Dan Stackhouse (NYC)
Well it would be poetic justice, but I'm afraid it won't be enough. Even if the corona virus wound up killing a hundred million people, which it almost certainly won't, it wouldn't be sufficient to stop the pangolin from going extinct. Take a lot of good photos of the pangolin while you can, because soon enough, there won't be anymore, forever. And as you wail and whine about the corona virus, try to remember that humanity deserves far more punishment than this.
Randé (Portland, OR)
@Dan Stackhouse : Absolutely agree. Humans shall reap what they have sown. Destruction begets destruction.
Grace (Bronx)
It's not the virus that caused the epidemic. It's the Chinese Communist Party.
susan (nyc)
Like George Carlin said (when talking about spying on pandas' mating habits) - "Leave these creatures alone!!!!!!!!"
TG (ND)
Mother Nature strikes back! Seems fair to me.
Tomás (CDMX)
I suggest sending the message that ivory and rhino horn are suspected culprits as well.
CP (NYC)
If Chinese people would stop cruelly trapping, caging, selling, and chopping up nature’s wonderful creatures—while they are still alive—this pandemic would never have started. It is past time we as a species move beyond our reliance on animal flesh when cleaner, safer, healthier plant-based alternatives exist.
Philip Brown (Australia)
@CP The chinese animal traffic is more a primitive naturopathic and homeopathic superstition than a normal need for animal protein. This will only end when China evolves, culturally, beyond the Qin dynasty.
Marcos Mota (New York)
I grew up watching "Nature" on PBS and the voice of George Paige describing these beautiful animals still rings in my head. But how many of us first heard of pangolis and totoabas in news reports that they were being hunted to extinction. I call this whole 'Covid-19' event "Revenge of the Pangolins". We used to laugh at George Carlin jokes about how nature was un-bothered by a plastic bag, mother Earth could swat us out anytime it wanted. Here's the second warning shot.
Philip Brown (Australia)
@Marcos Mota I called the virus exactly the same thing, before I read your post. Amen.
svetik (somewhere, NY)
Blame the perpetual human tendency to believe almost anything irrational over almost anything rational, particularly as relates to health beliefs. Eating cute endangered creatures because somebody says they have medicinal value? Bring it on! Refusing to vaccinate your kids because of hysterical misinformation? Sure, that makes sense. And on it goes.
Philip Brown (Australia)
@svetik It is called Darwinian (natural) selection. Only the truly rational will survive; but it will be an horrendous event to experience.

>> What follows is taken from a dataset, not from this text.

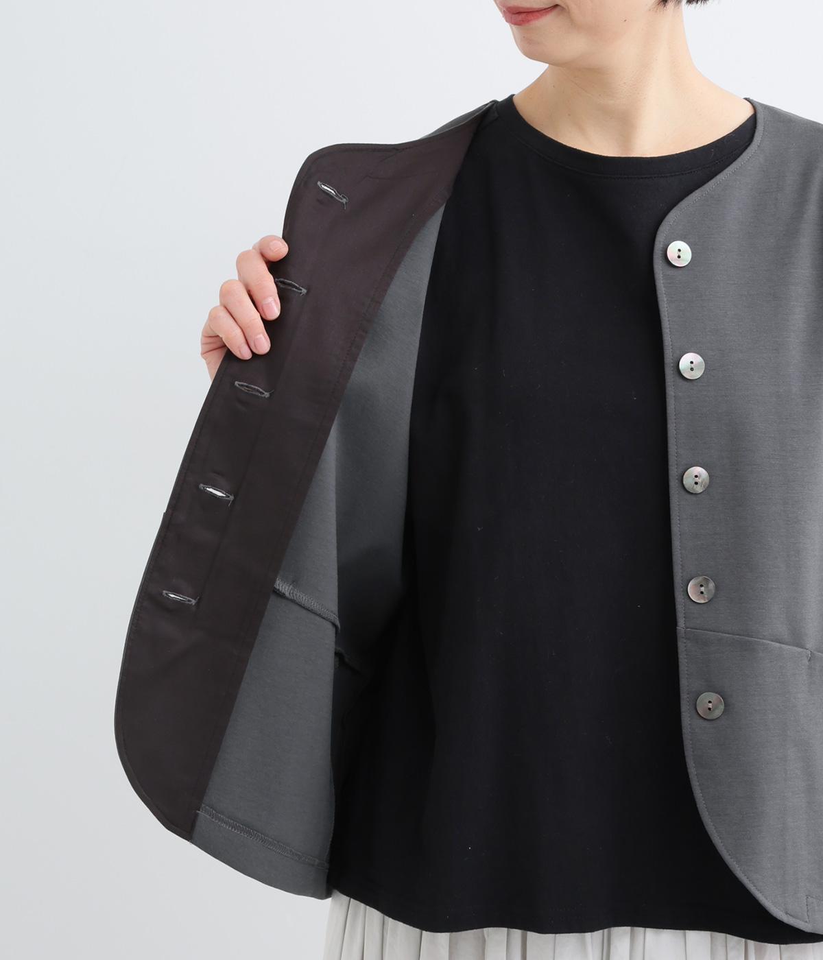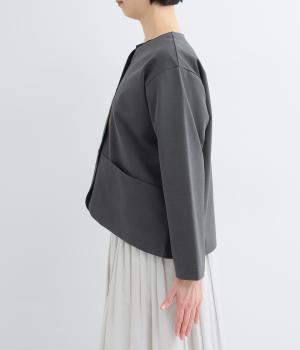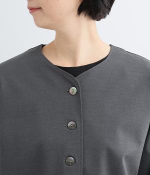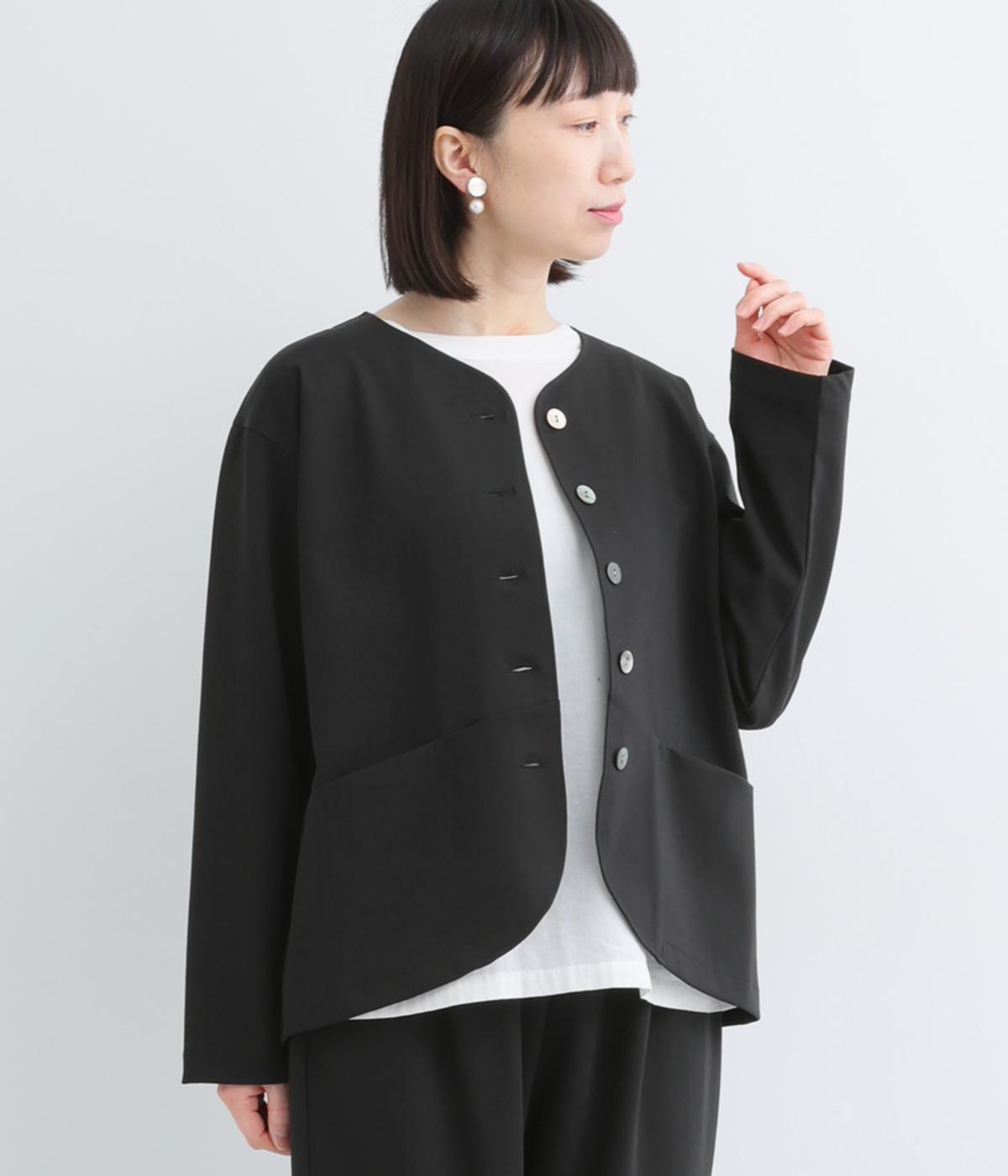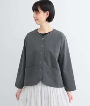オケージョンにもマッチするきちんと感のあるジャケットです。抜群のストレッチ性で動きやすく、長時間の着用でも疲れにくいのがうれしいポイント。首元はノーカラーですっきりさせ、ラウンドした裾やシームポケットでデザイン性をプラスしました。

LearnedGeography (Western Hemi)
Lovely. If the poor creatures aren’t hunted to extinction as a delicacy or source of “medicine” to some, they’ll be hunted to extinction as disease vectors by others.
Marcos Mota (New York)
@LearnedGeography That's what I fear. I doubt that China will be willing to take the financial hit again. And for those who lost family, and income revenge makes sense.
Ericka (New York)
10,000 people in the US have died from the flu and complications from the flu that is far more than world wide deaths from Caronavirus. Why are the NYtimes putting the final nail in the coffin of this innocent animal? people eating wild animals and animal trafficking are the cause of the spread of diseases if any cause is to be identified. Now what's causing the flu in the US?
Marcos Mota (New York)
@Ericka The New York Times isn't killing any pangolins, do you really think that knowledge of it as a reservoir is a secret? If anyone retaliates it will be the Chinese government, and individuals who lost income and loved ones. They won't see themselves as the cause of the epidemic by interacting with these animals. Our societies are just different. Here in the US people encroach on deer habitats, and risk Lyme Disease. Or say out in Aurora, CO developments push out into the prairies where prairie dogs carry hantavirus and Bubonic plague. At least here we have classifications and regs that hunters must follow. And as painful as these diseases may be, prairie dogs are not being hunted to extinction. Oh, "Humans are the principle reservoir of human influenza A viruses." Covid-19 is working the main carriers as we speak.
jennifer t. schultz (Buffalo, NY)
@Ericka yes and the 10,000 that have died was already at mid January. that is very early in the flu season. in the u.s. alone it is 8,000 people. like nyt said wash your hands, and get your flu shot.
Chuck (CA)
Organized crime centered in Hong Kong is the primary source of illicit Pangolin trade into China. Let that settle in folks... HONG KONG... you know the little city state you all celebrate for their resistance to China. As to why the Pangolin was ever considered medicinal in Traditional Chinese Medicine in past centuries... it really is immaterial as today medicine and healthcare in China centers around the same medical practices and applications of modern healthcare technology and medications as the rest of the modern world. Example: CT scans are a routine and low cost (in China) method of diagnostics in modern Chinese medicine. It is true that folklore based medicine of an earlier time.. dies hard in any society (evidence: the still persistent feeling among Americans that Chicken Soup is a therapeutic enhancer to recovery from a cold or flu). So I really think that all the chest beating and outcry from armchair critics needs to be toned down.. because the fact is.. most Chinese would never touch Pangolin as a medicinal.. simply because they have access to better and more proven medical care in China.. which is also much less expensive. The wealthy in China, including in Hong Kong! ... that still believe in the principles of Traditional Chinese Medicine of folklore.. are the issue here.. because only they have the finanical means to follow it.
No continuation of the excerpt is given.